Texas Instruments radarsΒΆ

Since we used these radars for data capturing and analysis, we need to give necessary information on how to use these radars with PyRAPID.

There are many versions of the inegrated radars by TI, which are supporing different features. Some of them, like AWR1443 and AWR1642, have on-chip processors enabling users to implement an embedded radar system. However, it is not useful for the system development stage since it requires to determine the memory allocation strategies and know DSP architectures, which take time to understand them. And if one knows them, it is only useful for working with TI radars and it is a headache to move to another radar. Nevertheless, there are many demos available by TI either developed fully on the chip or partially on the chip and PC (see here).

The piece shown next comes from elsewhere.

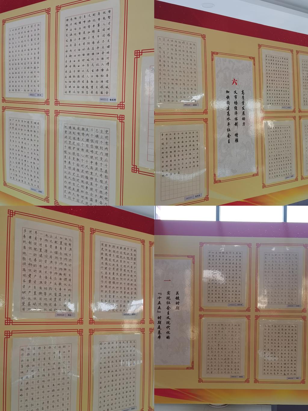 为保障活动质量,本次书画展组建学生评审组与教师评审组双重把关,共征集硬笔书法作品1380幅、软笔书法及绘画作品20余幅,最终遴选出114名创作者的127幅硬笔、21幅软笔、7幅绘画作品参展。其中,硬笔作品创作者先集中学习党的二十届四中全会视频资料,再经专业书法指导,分工抄写《中共中央关于制定国民经济和社会发展第十五个五年规划的建议》核心内容;软笔作品紧扣全会精神创作,绘画作品则围绕未来发展蓝图自主构思,以严谨流程实现了思想性与艺术性的统一。
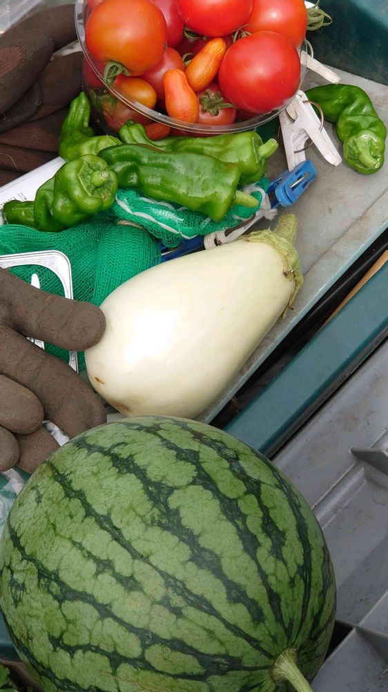 スイカ、白ナス、シシトウ、ミニトマト

In contrast, PyRAPID provides a fast and efficient algorithm implementation just using Python. The following figure shows connections for capture raw radar data from Gigabit Ethernet. See examples in Code Examples for PyRAPID for dumping raw radar data into a binary file.

figs/TI_connection.jpg

The user application determines FMCW configuration parameters. Important parameters are (see definitions in Chirp programming):

  • Frequency slope

  • chirp ramp end time

  • idle time

  • Sampling rate

  • Number of ADC samples in a chirp

  • ADC start time

  • Frame period

  • Number of chirps in a frame per Tx channel

Define Profile, Chirp, and Frame configurations for the application using classes in Defining TI FMCW parameters in order to get valid values of range/Doppler or velocity/angle for that configuration.

Note

Currently, in order to capture the data directly from Ethernet, you must run and configure the radar via mmwave studio software, and before connecting to DCA1000 board, PyRAPID should connect to the ethernet. Then, you can trigger the frame (see Code Examples for PyRAPID).